В это же время любовно-литературный тандем принялся за работу над вторым совместным романом. «Боже мой, как легко стало, – вспоминает Панаева, – когда мы закончили «Три страны света». Но Некрасов тотчас же уговорил меня писать новый роман «Мертвое озеро». Однако образ жизни поэта переменился, он стал меньше работать. «Все люди дивятся перемене его», – писала Панаева М.Л. Огаревой 15 марта 1849 года, сообщая о том, что Некрасов редко бывает дома.

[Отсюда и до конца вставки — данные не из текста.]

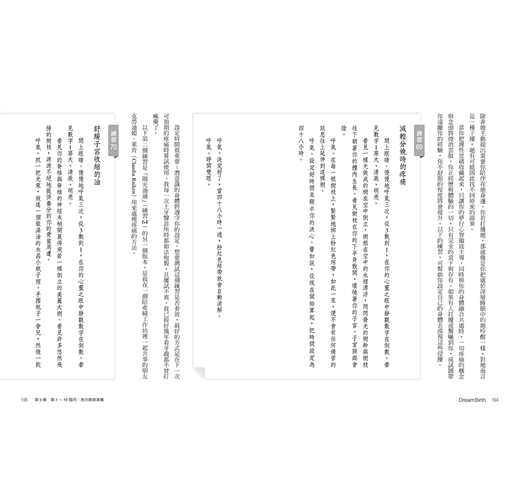 當然,我向來就是個夢行者(dreamer)。只是,我從未想過要寫一本有關懷孕母親發揮夢行力量的書。我只是一味地浸淫於無限瑰麗的夢行之中,亦即我與那位在我體內安靜成長的美麗寶寶之間的關係;除此以外,沒有其他事比這份關係更重要的了。

Угнетающе подействовал на сотрудников журнала арест М.В. Петрашевского и членов его кружка[13]. Среди арестованных и близких к ним лиц многие были причастны к литературе. «Уныние и тревога царили в редакции, – вспоминает Панаева. – Прежних оживленных споров и разговоров более не слышалось. Гости не собирались на обеды и ужины». Некрасов не видел обнадеживающих перспектив «Современника» и подумывал приобрести другие издания – «Литературную газету» или «Иллюстрацию».
Иван Иванович Панаев пытался восстановить репутацию журнала и использовал для этого свои великосветские связи. Он даже дерзнул просить у министра разрешения печатать политические новости. Но его деятельность расценивалась в издательстве невысоко, как уклонение от редакторской рутины, не более. Авдотья, выражая общее мнение, рассказывала в письме к приятельнице: «Ив. Ив. выезжает в большой свет. К князьям Юсуповым да графам».

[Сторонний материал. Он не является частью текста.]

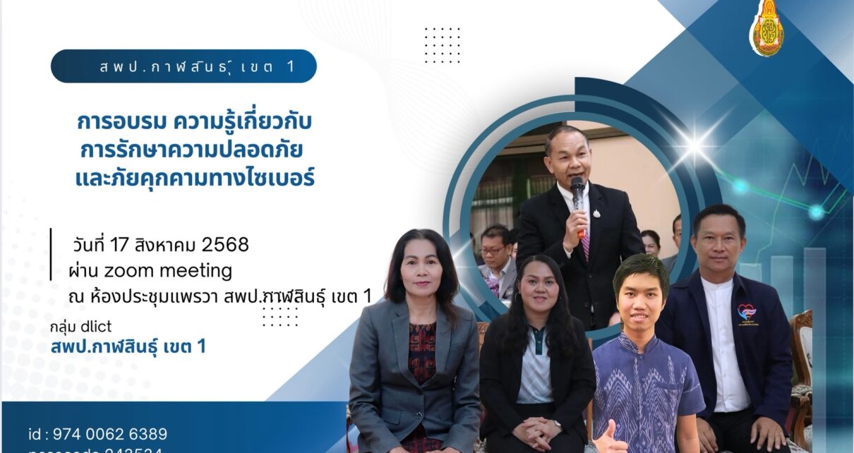 วันอาทิตย์ ที่ 17 สิงหาคม 2568 ว่าที่ร้อยตรี สุรสิทธิ์ ถิตย์สมบูรณ์ ผู้อำนวยการสำนักงานเขตพื้นที่การศึกษาประถมศึกษากาฬสินธุ์ เขต 1 เป็นประธานพิธีเปิด การอบรมให้ความรู้ความตระหนักด้านภัยคุกคามทางไซเบอร์ (Cyber) โดยมี ดร.นุกูล ทรงมงคลรัตน์ รองผู้อำนวยการสำนักงานเขตพื้นที่การศึกษาประถมศึกษากาฬสินธุ์ เขต 1 กล่าวรายงาน พร้อมด้วย นางกัญญาภัทร นาชัยนาค ผอ.กลุ่ม DLICT นางสาวสุชญา สุริยะสาร พนักงานราชการ ร่วมการอบรม ดังกล่าว ณ ห้องประชุมแพรวา โดยมี นายเจษฎา สุขจันดี ครูโรงเรียนนาสีนวลโสกทรายวิทยา เป็นวิทยากร ซึ่งกลุ่มเป้าหมายในการอบรม ได้แก่ ครูผู้รับผิดชอบและผู้สนใจเพื่อป้องกันภัยทางไซเบอร์ โรงเรียนในสังกัด จำนวน 161 โรงเรียน ผ่านระบบ ZOOM

Некрасов в привычном для него угнетенном состоянии духа в начале лета уехал в Москву, а затем «в деревню к себе», то есть в одно из имений отца. Его физическое состояние было плачевно, и улучшения не наблюдалось. Сам он рассказывал в письме Тургеневу от 9 января 1850 г.: «…1) Лихорадка… трясет меня каждый вечер вот уже с лишком месяц; 2) глазная боль, от которой только недавно избавился несколько; 3) невероятное, поистине обременительное и для крепкого человека, количество работы; …кроме лихорадки, болен еще злостью, разлитием желчи и проч. Кроме физических недугов, и состояние моего духа гнусно, к чему есть много причин…»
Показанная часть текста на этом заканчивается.